His rivals, both the Liberals and the Greens, have pressed Mr. Horgan throughout the campaign about the rationale for this snap election. The NDP Leader has struggled to provide a satisfying answer. He has said he needed more stability than the minority government could provide, but there was little sign of volatility. He has said he wants to get the politics behind him so government can focus on responding to the pandemic, but there had been no visible political distraction – in fact the legislature unanimously supported a massive pandemic relief package.
B.C. has also earned widespread accolades for its science-based, non-partisan response to COVID-19, led by Provincial Health Officer Bonnie Henry and senior health officials.
“Dr.
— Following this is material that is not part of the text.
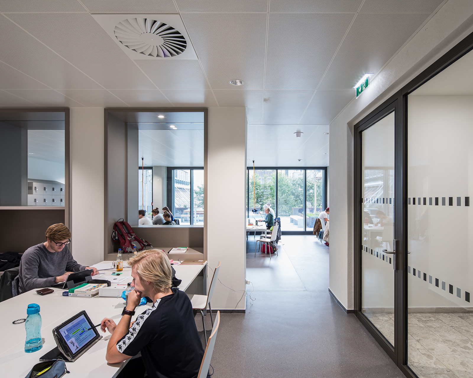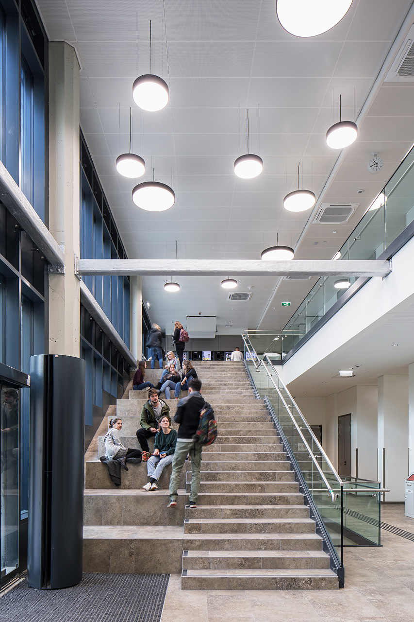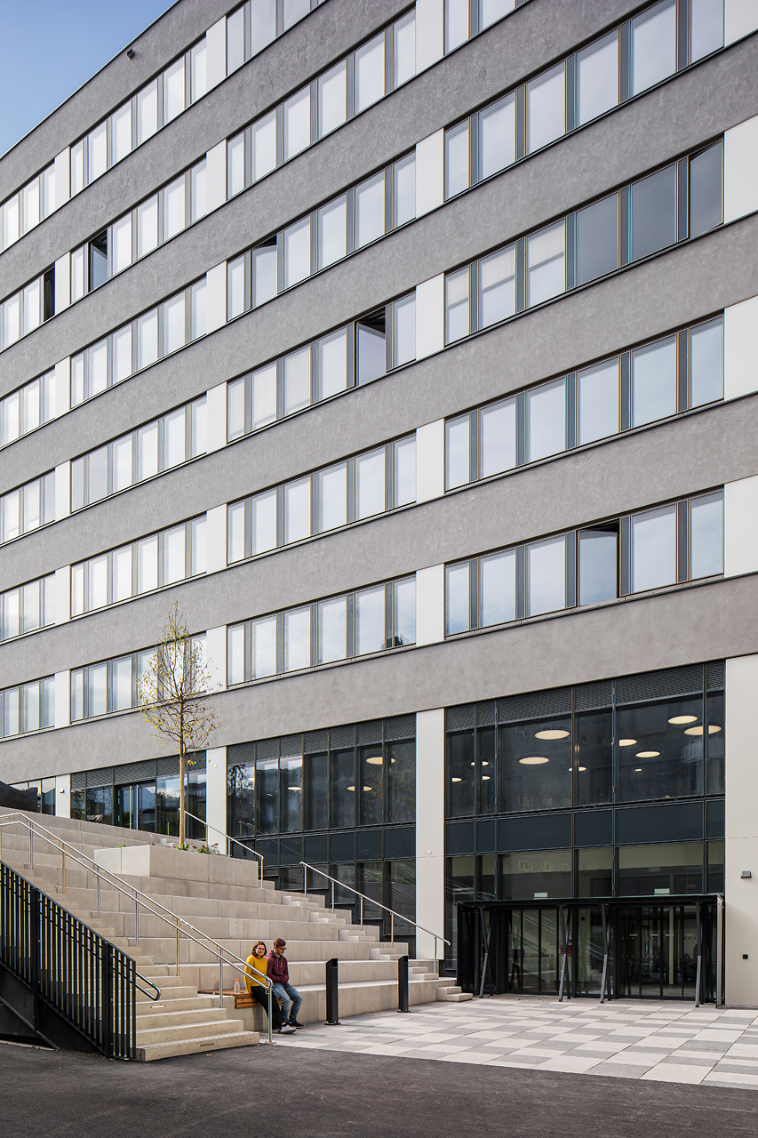 Das vorher komplett unterirdisch liegende Audimax wurde ein Geschoß höhergelegt und auf Erdgeschoßebene über ein Foyer in Sichtverbindung zur Stadt gesetzt. Auf dem Dach des Audimax entstand eine vor den Bibliotheken liegende Aufenthalts- und Lernzone im Freien, die über eine Außentreppe mit Sitzstufen vom Hof aus erreichbar ist und einen neuen, attraktiven Zugang bildet. Der eigentliche Hauptzugang verblieb an der nordwestlichen Gebäudeecke und wurde durch seine Zweigeschoßigkeit klar hervorhoben. Hier wurde ein Zwischentrakt abgebrochen, wodurch zum einen das Lehr- und Lerngebäude freigestellt wurde und zum anderen der Durchgang nach Osten in den von sämtlichen nicht mehr notwendigen Nebenbauten bereinigten Hof und zum „Bibliotheksgarten“ möglich wurde.

Henry would prove to be one of the most effective public-health officials in the world, with lessons for nations struggling to emerge from lockdowns,” The New York Times wrote in April.
Mr. Horgan was content to allow Dr. Henry to lead the health response. Looking back over recent months, though, it is now appears obvious Mr. Horgan had an election on his mind as he edged back onto centre stage with the pandemic reopening announcements starting in June.
On Monday, with less than a week left before Election Day, Mr. Horgan went to the advance polls to cast his ballot, and then met party volunteers at a campaign office in Victoria. “Work harder,” he urged the crew, but the response was laughter. The mood was relaxed and upbeat.
“We’ve been, I think, pretty successful in getting out to people the message that there’s a clear choice in this campaign,” Mr. Horgan said in the interview. “We’ll see if that’s proven correct.”